Show HN: Axe – A 12MB binary that replaces your AI framework
104 points - today at 1:49 PM
I built Axe because I got tired of every AI tool trying to be a chatbot.
Most frameworks want a long-lived session with a massive context window doing everything at once. That's expensive, slow, and fragile. Good software is small, focused, and composable... AI agents should be too.
Axe treats LLM agents like Unix programs. Each agent is a TOML config with a focused job. Such as code reviewer, log analyzer, commit message writer. You can run them from the CLI, pipe data in, get results out. You can use pipes to chain them together. Or trigger from cron, git hooks, CI.
What Axe is:
- 12MB binary, two dependencies. no framework, no Python, no Docker (unless you want it)
- Stdin piping, something like `git diff | axe run reviewer` just works
- Sub-agent delegation. Where agents call other agents via tool use, depth-limited
- Persistent memory. If you want, agents can remember across runs without you managing state
- MCP support. Axe can connect any MCP server to your agents
- Built-in tools. Such as web_search and url_fetch out of the box
- Multi-provider. Bring what you love to use.. Anthropic, OpenAI, Ollama, or anything in models.dev format
- Path-sandboxed file ops. Keeps agents locked to a working directory
Written in Go. No daemon, no GUI.
What would you automate first?
Comments
I have a known workflow to create an RPG character with steps, lets automate some of the boilerplate by having a succession of LLMs read my preferences about each step and apply their particular pieces of data to that step of the workflow, outputting their result to successive subdirectories, so I can pub/sub the entire process and make edits to intermediate files to tweak results as I desire.
Now that's cool!
The first question that comes to mind is: how do you think about cost control? Putting a ton in a giant context window is expensive, but unintentionally fanning out 10 agents with a slightly smaller context window is even more expensive. The answer might be "well, don't do that," and that certainly maps to the UNIX analogy, where you're given powerful and possibly destructive tools, and it's up to you to construct the workflow carefully. But I'm curious how you would approach budget when using Axe.
Aside but 12 MB is ... large ... for such a thing. For reference, an entire HTTP (including crypto, TLS) stack with LLM API calls in Zig would net you a binary ~400 KB on ReleaseSmall (statically linked).
You can implement an entire language, compiler, and a VM in another 500 KB (or less!)
I don't think 12 MB is an impressive badge here?
A Proper self-contained, self improving AI@home with the AI as the OS is my end goal, I have a nice high spec but older laptop I am currently using as a sacrificial pawn experimenting with this, but there is a big gap in my knowledge and I'm still working through GPT2 level stuff, also resources are tight when you're retired. I guess someone will get there this year the way things are going, but I'm happy to have fun until then.
I just don't see this in the readme… It is not in the Features section at least.
Anyway, i have MCP server that can post inline comments into Gitlab MR. Would like to try to hook it up to the code reviewer.

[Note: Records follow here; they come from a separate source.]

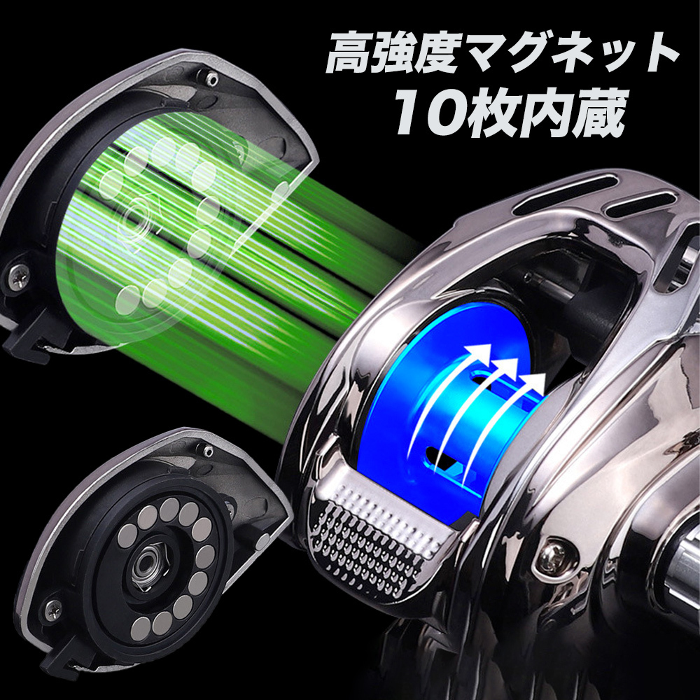 【強力なマグネットブレーキ】 バックラッシュしにくいマグネットブレーキシステムで逆回転防止、ラインの出過ぎも抑止し、トラブルを防ぎます。
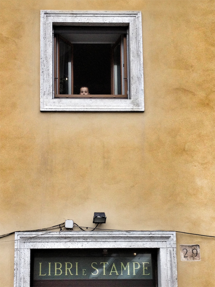 @Tous: En me baladant dans les rues de Rome (Oui Lucie, je rôde beaucoup ces temps-ci ;-)), j’avais repéré la façade ocre du bâtiment et la vitrine de la librairie devant laquel tronait une belle vespa jaune. J’avais envie de prendre une photo mais en attendant que le feu passe au vert au passage piéton, j’ai aperçu le petit garçon à sa fenêtre et ai changé d’idée pour me concentrer sur ce petit bonhomme assez mutin je dois dire. Il m’a très vite repérée et a appelé la petite fille en rose qui est elle aussi apparue dans le cadre. La scène a duré moins de deux minutes mais tous deux étaient plutôt démonstratifs. Ah ces italiens, ils ont vraiment la comedia dans le sang! Merci beaucoup pour toutes les idées en « -ité » que vous m’avez suggérées.Votre créativ-..ité m’enchante! A mons avis, la théâtralité convient tout à fait à l’ensemble de la série plutôt qu’uniquement à la dernière photo sur laquelle les deux enfants ne sont pas vraiment très expressifs. La fraternité me plaît bien mais je me demande si en regardant uniquement cette image, elle nous évoque vraiment la fraternité.Je n’accroche par vraiment à la subtilité et à la félicité par contre la volubilité colle assez bien me semble-t-il. La maturité, eu égard à l’air suffisant de la fillette, est bien trouvée également. Et finalement grâce à toute cette émulation, j’ai pour ma part pensé à « altérité » pour ce face à face enfantin. Encore une fois merci d’avoir si bien joué le jeu et à très bientôt.
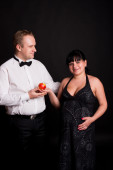 Zdjęcie mężczyzny i jego ciężarnej żony w studio z owocami

OP, what have you used this on in practice, with success?
I'm a bit skeptical of this approach, at least for building general purpose coding agents. If the agents were humans, it would be absolutely insane to assign such fine-grained responsibilities to multiple people and ask them to collaborate.
It looks like Axe works the same way: fire off a request and later look at the results.
how would you say this compares to similar tools like google’s dotprompt? https://google.github.io/dotprompt/getting-started/
One thing I’ve noticed when experimenting with agent pipelines is that the “single-purpose agent” model tends to make both cost control and reasoning easier. Each agent only gets the context it actually needs, which keeps prompts small and behavior easier to predict.
Where it gets interesting is when the pipeline starts producing artifacts instead of just text — reports, logs, generated files, etc. At that point the workflow starts looking less like a chat session and more like a series of composable steps producing intermediate outputs.
That’s where the Unix analogy feels particularly strong: small tools, small contexts, and explicit data flowing between steps.
Curious if you’ve experimented with workflows where agents produce artifacts (files, reports, etc.) rather than just returning text.
Tiny note: there's a typo in your repo description.